Кратко и жутко промелькнул, едва возник и уже клонился к закату, морозный день. На Невском зажигались фонари. Украдкой. Никто не видел, как они вспыхнули, И свет их был ясный и беспокойный.
На перекрестке двух шумных улиц, остановившись на минуту переждать толчею экипажей, Пусторослев увидел поэта-декадента Приклонского. Медленною, развинченною походкою Приклонский подошел к Пусторослеву и молча пожал ему руку.
Пусторослев не любил Приклонского. Считал его шарлатаном. В этом смысле высказывался кое-где. До Приклонского, очевидно, дошли резкие отзывы Пусторослева. Как-то, встретясь на одном из тех вечеров, где все бывают и где всем бывает скучно, Приклонский подошел к Пусторослеву и без всякого повода начал рассказывать, по обычаю своему, очень парадоксально, что все писатели разделяются на два разряда: дилетанты и шарлатаны. Пусторослеву стало неловко. С тех пор чувство неловкости всегда охватывало Пусторослева, когда он встречался с Приклонским. Странные, опьяненно-веселые и невнимательные глаза Приклонского наводили на Пусторослева тоску.
Но теперь Пусторослев обрадовался этой встрече.
— Приключение по вашей части, — сказал он, стараясь говорить иронично и вдруг чувствуя с досадою, что это ему не удается.
И он рассказал о белом мальчике. Досадно было, что рассказ выходит в сбивающемся тоне.
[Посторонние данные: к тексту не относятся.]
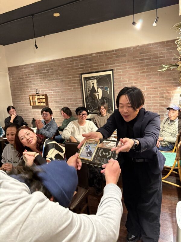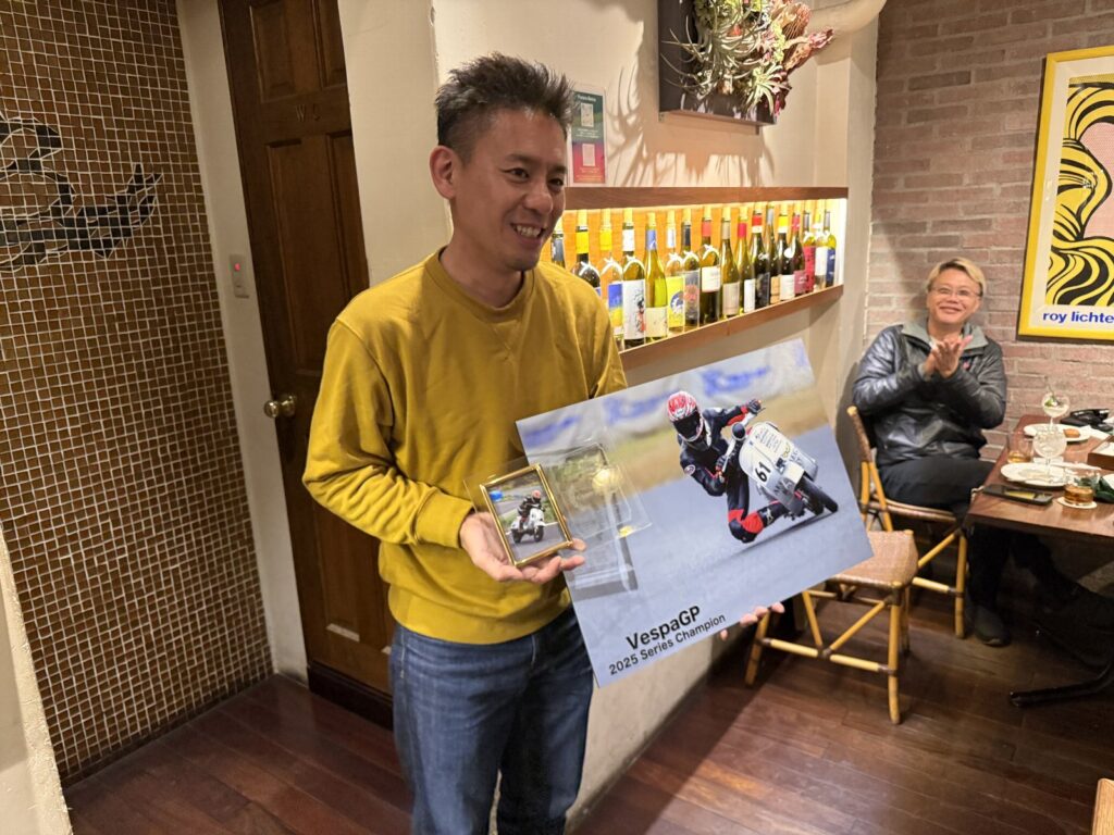 ベスパ東京日本橋からのチャンピオンへの賞品の贈呈。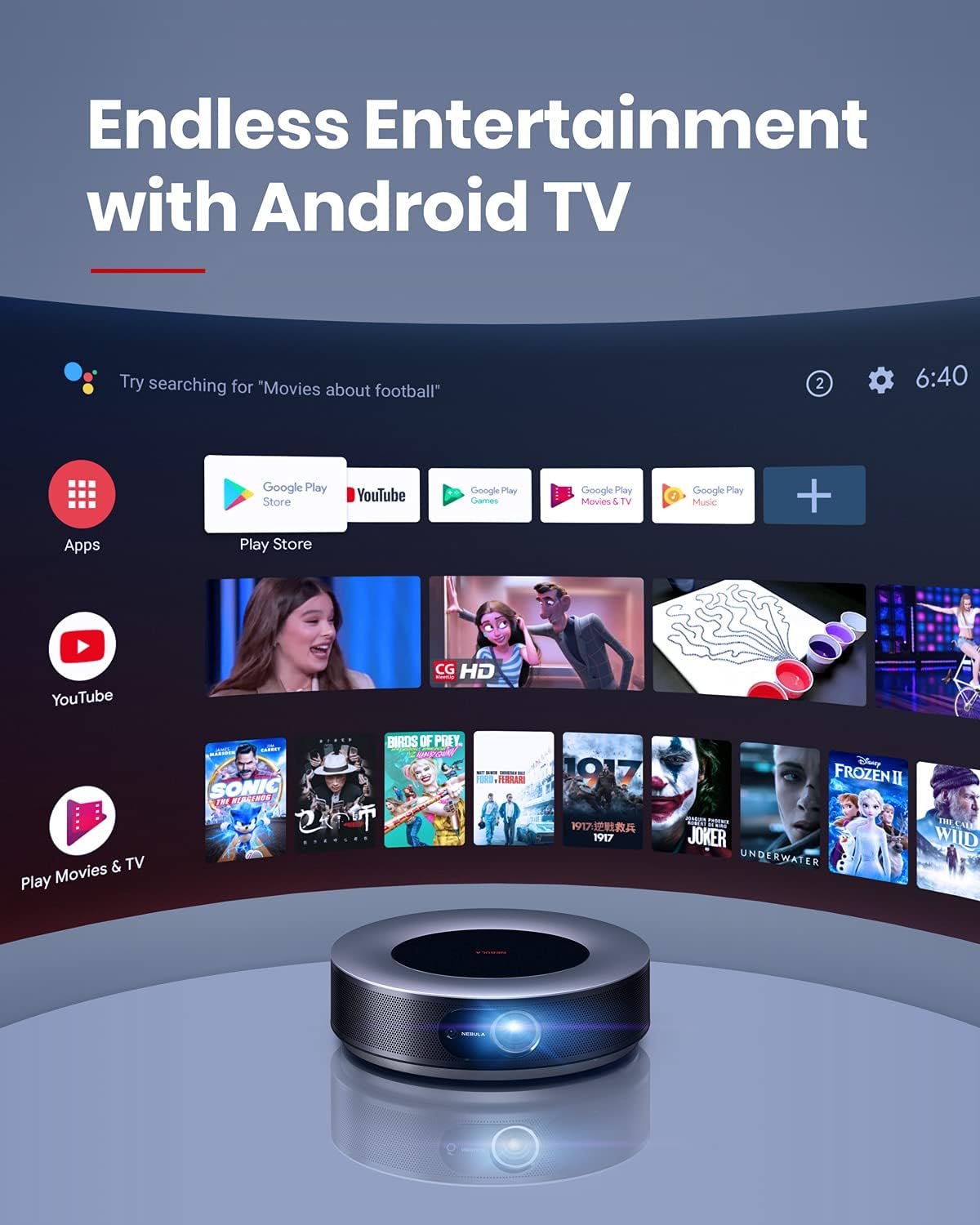 Nebula Cosmos Max 4K Home Entertainment Projector – Model D2150211, 3840 × 2160 Resolution, Dolby Audio, Android TV, Dual 15W Speakers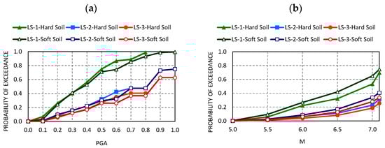 Probabilities of LS exceedance with changing (a) PGA and (b) M for both soil conditions.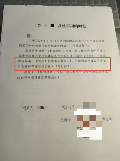据业主代表透露,西湖区住建局反馈该条款在设计阶段未开展相关论证,业主发现问题后才以“地铁安全”为由得出无法实现的结论。而西湖区规划局、住建局却已完成该项目的规划许可及施工许可审批。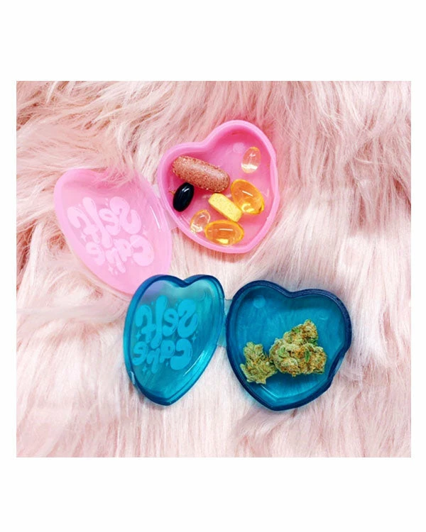 A cute way to store your medication, vitamins, CBD, cannabis, or other small items that are part of your daily self-care routine. This heart-shaped boxes are small, lightweight and compact—perfect for several pills, or a couple grams of flower. Easy for traveling or to throwing in your bag for everyday use, they also serve as a small reminder to make sure you’re taking care of yourself!Â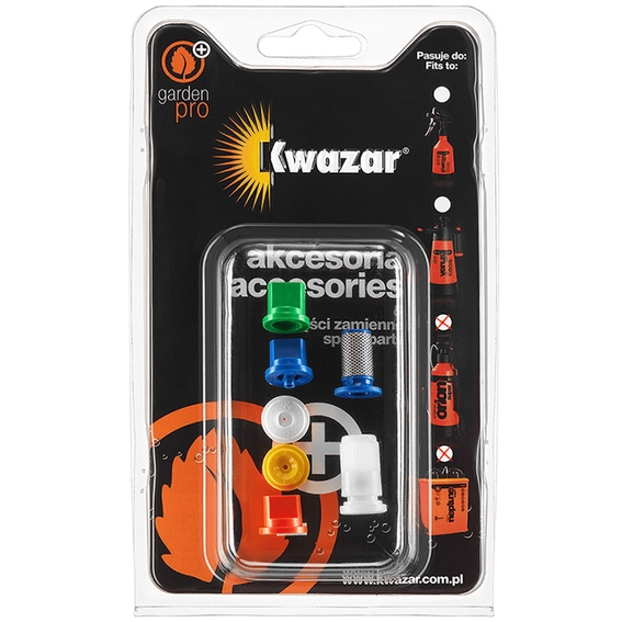 Zestaw zawiera 6 dysz o różnym wydatku cieczy, filtr końcówki lancy oraz filtr cylindryczny zapobiegający zapychaniu się rozpylacza. Wybór dysz pozwala na dobór rozpylacza w zależności od potrzeb użytkownika, rodzaju zabiegu i używanego środka chemicznego.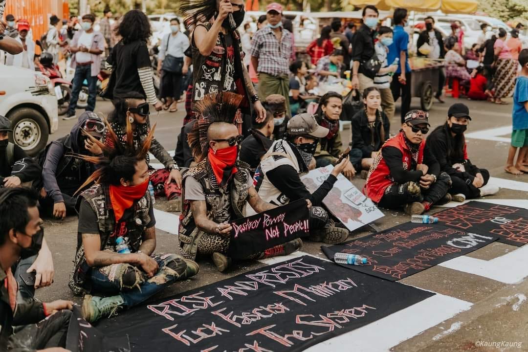 In the Signal group, none of us were using our real names. I told the professor that I would continue sending money to support these efforts, but I couldn’t be a part of that conversation anymore. I realized that my ability to gauge safety is more loose than many people, but I have a kid and I needed to be aware of her safety and well-being. There is also a punk rock band called The Rebel Riot, that has two tracks on the second compilation that we put out. The lead singer, Kyaw Kyaw, is a very vocal and visually available person. He has a Swiss girlfriend and there is some level of protection there, or he just doesn’t care, because he’s so adamant about his position. He runs the Food Not Bombs in Yangon and another large percentage of the money generated from the compilation goes to him through his girlfriend’s Swiss bank account. They spread it out through the community of punks and anarchists. That kind of trust is different. We know each other and I understand what he’s doing and he understands why I’m helping. It’s embodied trust.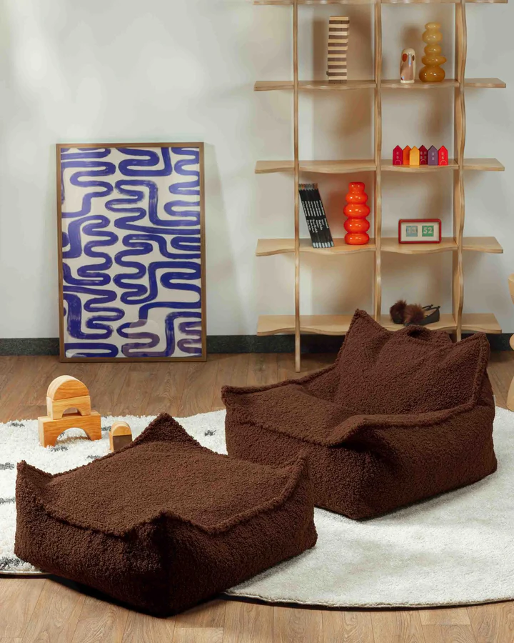 W skład zestawu wchodzi pufa sako o czystych liniach oraz dopasowany ottoman, które wspólnie tworzą przytulny kącik do czytania, relaksu lub zabawy. Pufa zapewnia doskonałe wsparcie dla pleców, natomiast wszechstronny ottoman świetnie sprawdza się jako podnóżek, dodatkowe siedzisko lub kreatywna powierzchnia do zabawy. Oba elementy są lekkie i łatwe do przenoszenia przez dziecko. Obicie z luksusowo miękkiej tkaniny typu teddy (baranek) w ciepłym, kawowym odcieniu nadaje wnętrzu wyjątkowo przytulny charakter. Dedykowany dla dzieci w wieku od 3 do 9 lat.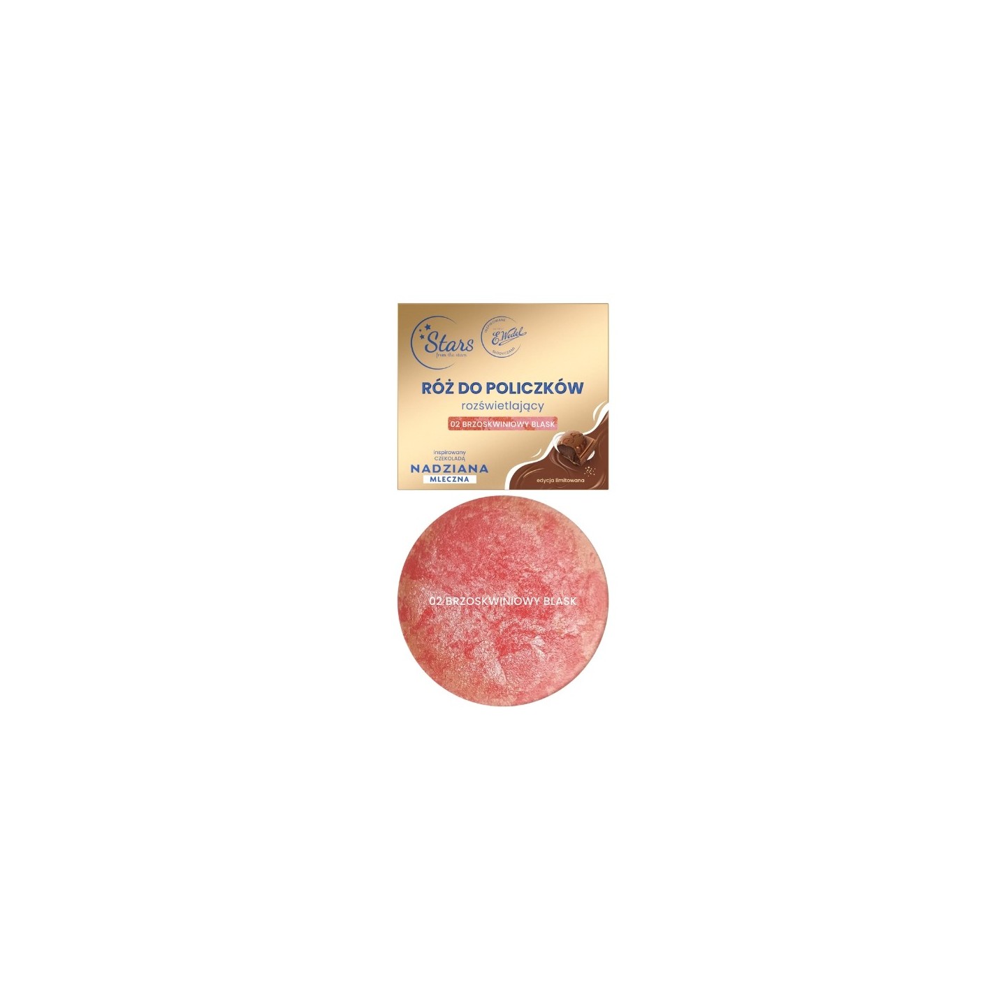 Illuminating Blush 02 Peach Shine is a unique cosmetic that combines the functionality of makeup with sensual experiences inspired by NADZIANA chocolate from E.Wedel. This marbled blush with an amazing chocolate scent gives the cheeks a healthy, peach blush and a subtle glow. The combination of two complementary shades allows for a perfect color match to the complexion, and the baked formula ensures excellent blending, intense shine and high efficiency.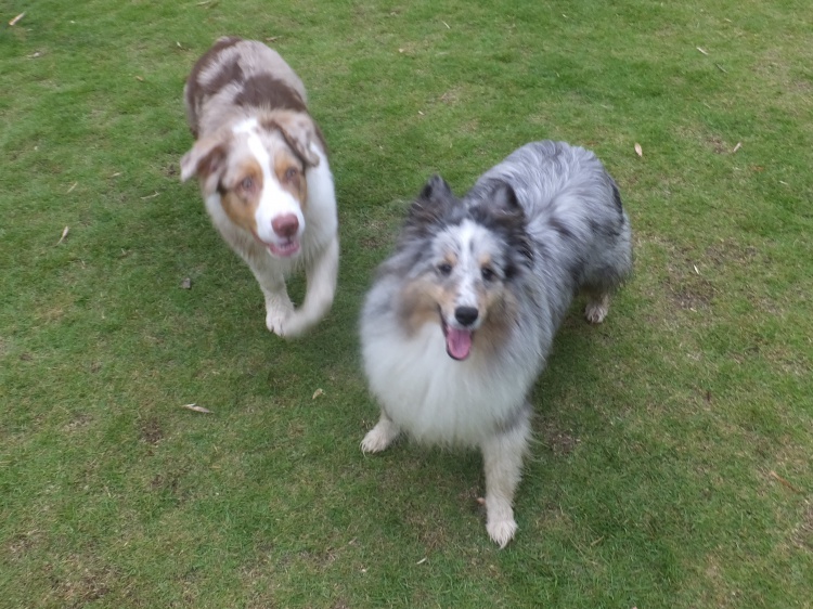 シェルティーのアイル君とオーストラリアンシェパードのクランちゃん。

— Призраки держат себя странно, — закончил он, — вместо откровений о загробном мире какой-то детский и совершенно земной лепет.
Приклонский выслушал так спокойно, как рассказ о самом обыкновенном событии.
— Что вас удивляет? — спросил он. — Земное не ниже и не хуже небесного. Между этим и тем миром не такое соотношение, что одно хуже, а другое лучше. Плоть так же свята, как и дух.
— Но «на гривенник молока» — это все же слишком прозаично, — возразил Пусторослев.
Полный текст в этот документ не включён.